Highly unlikely. Calculations based on the present evidence and historical experience suggest that would be a substantially improbable outcome.

However, a subjectivist changing his mind...that can happen on a whim.
Calculations based on the present evidence and historical experience suggest that such whims are highly unlikely.
Whims have nothing to do with objective truth. Objective truth remains stable. Whims come and go.

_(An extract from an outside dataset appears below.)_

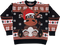 This 80sTees.com exclusive sweater shows a reindeer wearing a Santa Claus hat and winter gloves. The front, back, and sleeves of the sweater feature Christmas snowflakes.
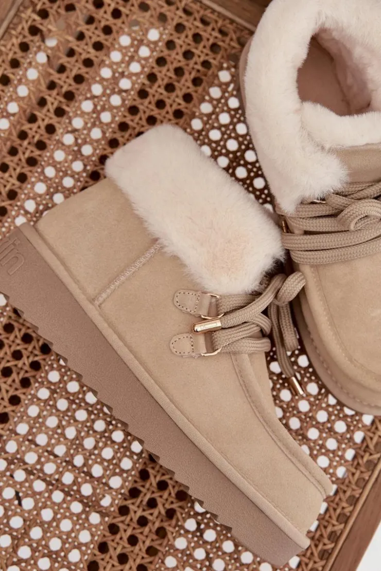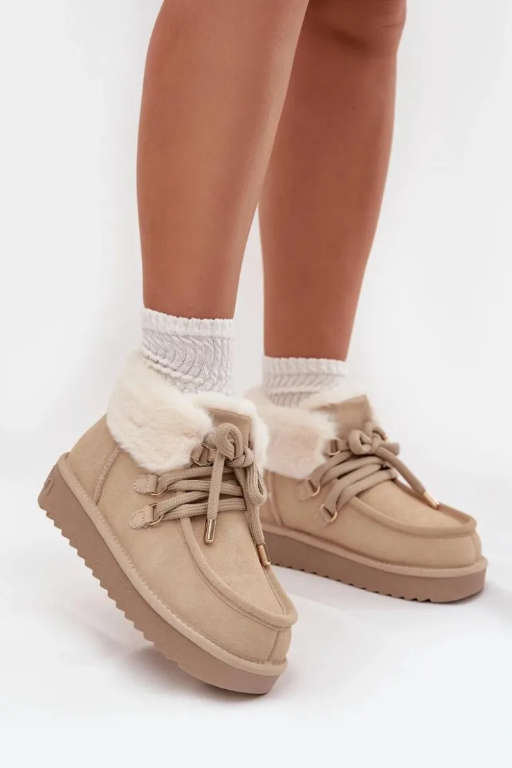 Śniegowce damskie marki D.Franklin wykonane z naturalnego zamszu to idealne połączenie stylu i praktyczności. Ich niski fason sprawia, że prezentują się lekko i nowocześnie, a jednocześnie są wygodne w codziennym użytkowaniu. Wsuwany model z grubszym sznurowaniem pozwala na lepsze dopasowanie do stopy, podkreślając jednocześnie modny charakter butów. Wnętrze ocieplane miękkim futerkiem zapewnia komfort termiczny w mroźne dni, a dodatkowe obszycie futerkiem w górnej części cholewki nadaje całości wyjątkowego uroku. Podeszwa z gumowego tworzywa gwarantuje stabilność i przyczepność na różnych nawierzchniach, co czyni śniegowce niezawodnym wyborem podczas zimowych spacerów. To obuwie, które łączy funkcjonalność i wygodę z modnym wyglądem, idealnie wpisując się w zimowe stylizacje.

Whims are a feature of subjectivism. When one follows one's feelings and impressions, one finds one's feelings change.
If I tell you the definition of, or the answer to something, like a moral question, but then I say, "Of course, by the time I've finished telling you this, the answer may have changed," then I really haven't told you anything. There's nothing you can act on, trust to remain, or find reliable. So I haven't helped you at all.
You don't need to worry about that; I'm never going to be coming to you for moral advice.
Or being able to give it to anyone, apparently, since whatever you offer to somebody could change immediately.

It's an unstable view -- not you, of course, but the view you're presently holding. In principle, it can change anytime. It does not, therefore, offer the observer even a single trustable moral axiom.

That seems too little work for a view supposed to be about "morality" to be able to do. I think most sensible people will see that, and realize they have to look elsewhere for information about morality than to subjectivism.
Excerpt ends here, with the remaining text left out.